- Supplied data

______

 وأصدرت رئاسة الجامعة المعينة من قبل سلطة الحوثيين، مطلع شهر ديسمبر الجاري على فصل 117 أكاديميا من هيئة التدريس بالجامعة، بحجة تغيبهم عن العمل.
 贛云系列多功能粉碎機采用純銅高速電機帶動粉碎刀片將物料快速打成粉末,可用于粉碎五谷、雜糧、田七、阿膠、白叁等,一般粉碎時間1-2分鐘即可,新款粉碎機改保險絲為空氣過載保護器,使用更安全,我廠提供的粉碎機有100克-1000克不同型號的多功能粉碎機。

______

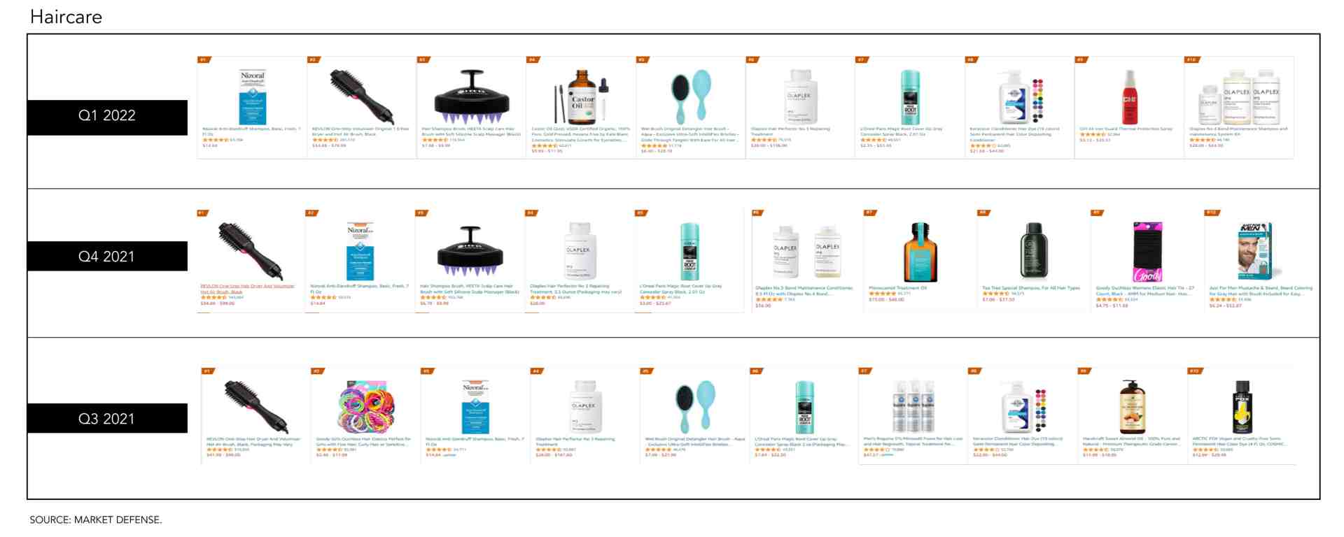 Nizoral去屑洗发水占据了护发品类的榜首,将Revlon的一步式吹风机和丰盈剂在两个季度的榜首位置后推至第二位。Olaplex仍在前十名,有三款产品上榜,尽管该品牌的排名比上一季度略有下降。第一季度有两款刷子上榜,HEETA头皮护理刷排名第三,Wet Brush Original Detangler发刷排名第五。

______

- Exercise instructions
Would you print exactly, and only, the lines of the data above from the line with "وأصدرت رئاسة الجامعة" through the line with "贛云系列多功能粉碎機采用純銅", inclusive?

- Answer section
 وأصدرت رئاسة الجامعة المعينة من قبل سلطة الحوثيين، مطلع شهر ديسمبر الجاري على فصل 117 أكاديميا من هيئة التدريس بالجامعة، بحجة تغيبهم عن العمل.
 贛云系列多功能粉碎機采用純銅高速電機帶動粉碎刀片將物料快速打成粉末,可用于粉碎五谷、雜糧、田七、阿膠、白叁等,一般粉碎時間1-2分鐘即可,新款粉碎機改保險絲為空氣過載保護器,使用更安全,我廠提供的粉碎機有100克-1000克不同型號的多功能粉碎機。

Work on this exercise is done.